(Data excerpts)
-------
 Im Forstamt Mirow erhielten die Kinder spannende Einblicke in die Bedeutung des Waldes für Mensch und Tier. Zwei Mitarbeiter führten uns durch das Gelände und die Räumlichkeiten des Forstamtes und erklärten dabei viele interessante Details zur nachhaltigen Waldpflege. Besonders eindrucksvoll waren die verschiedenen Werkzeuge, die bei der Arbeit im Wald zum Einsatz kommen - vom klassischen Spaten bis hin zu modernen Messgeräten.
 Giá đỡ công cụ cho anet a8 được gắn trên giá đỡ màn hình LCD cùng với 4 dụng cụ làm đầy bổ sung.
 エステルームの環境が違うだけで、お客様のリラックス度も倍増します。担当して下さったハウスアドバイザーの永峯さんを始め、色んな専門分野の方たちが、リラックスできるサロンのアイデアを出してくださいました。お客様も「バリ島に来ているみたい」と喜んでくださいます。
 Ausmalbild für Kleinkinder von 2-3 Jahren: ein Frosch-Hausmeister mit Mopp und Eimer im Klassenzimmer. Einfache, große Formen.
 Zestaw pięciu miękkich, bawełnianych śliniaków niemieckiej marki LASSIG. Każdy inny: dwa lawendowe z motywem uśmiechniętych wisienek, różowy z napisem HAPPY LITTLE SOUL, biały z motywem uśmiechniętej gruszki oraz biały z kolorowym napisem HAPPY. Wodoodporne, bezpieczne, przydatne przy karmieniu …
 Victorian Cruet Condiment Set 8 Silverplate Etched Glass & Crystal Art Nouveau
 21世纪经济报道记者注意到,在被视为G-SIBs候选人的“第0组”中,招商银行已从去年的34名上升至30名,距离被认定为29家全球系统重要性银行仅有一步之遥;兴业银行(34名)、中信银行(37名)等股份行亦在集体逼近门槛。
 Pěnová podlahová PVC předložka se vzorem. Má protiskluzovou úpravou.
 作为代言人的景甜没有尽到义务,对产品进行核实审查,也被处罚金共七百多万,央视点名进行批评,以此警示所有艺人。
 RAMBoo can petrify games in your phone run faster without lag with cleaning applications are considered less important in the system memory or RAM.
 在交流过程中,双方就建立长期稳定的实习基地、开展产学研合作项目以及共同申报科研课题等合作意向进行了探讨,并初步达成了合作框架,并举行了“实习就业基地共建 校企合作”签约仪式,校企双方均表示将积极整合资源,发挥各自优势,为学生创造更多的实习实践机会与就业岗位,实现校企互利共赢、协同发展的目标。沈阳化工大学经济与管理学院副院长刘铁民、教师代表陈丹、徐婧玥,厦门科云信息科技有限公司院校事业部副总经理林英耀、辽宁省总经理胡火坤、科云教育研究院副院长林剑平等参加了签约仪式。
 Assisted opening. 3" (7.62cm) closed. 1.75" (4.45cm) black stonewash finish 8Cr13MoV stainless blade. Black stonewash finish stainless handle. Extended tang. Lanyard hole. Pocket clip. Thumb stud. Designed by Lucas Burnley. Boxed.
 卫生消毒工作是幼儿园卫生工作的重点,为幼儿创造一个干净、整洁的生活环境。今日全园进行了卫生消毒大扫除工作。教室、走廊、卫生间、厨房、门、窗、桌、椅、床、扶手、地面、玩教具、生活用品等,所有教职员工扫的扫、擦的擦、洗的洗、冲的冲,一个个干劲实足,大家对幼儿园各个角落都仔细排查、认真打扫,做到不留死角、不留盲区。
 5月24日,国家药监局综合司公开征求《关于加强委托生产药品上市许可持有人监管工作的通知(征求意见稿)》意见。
-------
**Task requirements**
The line containing "Giá đỡ công" marks where to begin; copy it and every later line exactly, through the end of the data.

**Answer space**
 Giá đỡ công cụ cho anet a8 được gắn trên giá đỡ màn hình LCD cùng với 4 dụng cụ làm đầy bổ sung.
 エステルームの環境が違うだけで、お客様のリラックス度も倍増します。担当して下さったハウスアドバイザーの永峯さんを始め、色んな専門分野の方たちが、リラックスできるサロンのアイデアを出してくださいました。お客様も「バリ島に来ているみたい」と喜んでくださいます。
 Ausmalbild für Kleinkinder von 2-3 Jahren: ein Frosch-Hausmeister mit Mopp und Eimer im Klassenzimmer. Einfache, große Formen.
 Zestaw pięciu miękkich, bawełnianych śliniaków niemieckiej marki LASSIG. Każdy inny: dwa lawendowe z motywem uśmiechniętych wisienek, różowy z napisem HAPPY LITTLE SOUL, biały z motywem uśmiechniętej gruszki oraz biały z kolorowym napisem HAPPY. Wodoodporne, bezpieczne, przydatne przy karmieniu …
 Victorian Cruet Condiment Set 8 Silverplate Etched Glass & Crystal Art Nouveau
 21世纪经济报道记者注意到,在被视为G-SIBs候选人的“第0组”中,招商银行已从去年的34名上升至30名,距离被认定为29家全球系统重要性银行仅有一步之遥;兴业银行(34名)、中信银行(37名)等股份行亦在集体逼近门槛。
 Pěnová podlahová PVC předložka se vzorem. Má protiskluzovou úpravou.
 作为代言人的景甜没有尽到义务,对产品进行核实审查,也被处罚金共七百多万,央视点名进行批评,以此警示所有艺人。
 RAMBoo can petrify games in your phone run faster without lag with cleaning applications are considered less important in the system memory or RAM.
 在交流过程中,双方就建立长期稳定的实习基地、开展产学研合作项目以及共同申报科研课题等合作意向进行了探讨,并初步达成了合作框架,并举行了“实习就业基地共建 校企合作”签约仪式,校企双方均表示将积极整合资源,发挥各自优势,为学生创造更多的实习实践机会与就业岗位,实现校企互利共赢、协同发展的目标。沈阳化工大学经济与管理学院副院长刘铁民、教师代表陈丹、徐婧玥,厦门科云信息科技有限公司院校事业部副总经理林英耀、辽宁省总经理胡火坤、科云教育研究院副院长林剑平等参加了签约仪式。
 Assisted opening. 3" (7.62cm) closed. 1.75" (4.45cm) black stonewash finish 8Cr13MoV stainless blade. Black stonewash finish stainless handle. Extended tang. Lanyard hole. Pocket clip. Thumb stud. Designed by Lucas Burnley. Boxed.
 卫生消毒工作是幼儿园卫生工作的重点,为幼儿创造一个干净、整洁的生活环境。今日全园进行了卫生消毒大扫除工作。教室、走廊、卫生间、厨房、门、窗、桌、椅、床、扶手、地面、玩教具、生活用品等,所有教职员工扫的扫、擦的擦、洗的洗、冲的冲,一个个干劲实足,大家对幼儿园各个角落都仔细排查、认真打扫,做到不留死角、不留盲区。
 5月24日,国家药监局综合司公开征求《关于加强委托生产药品上市许可持有人监管工作的通知(征求意见稿)》意见。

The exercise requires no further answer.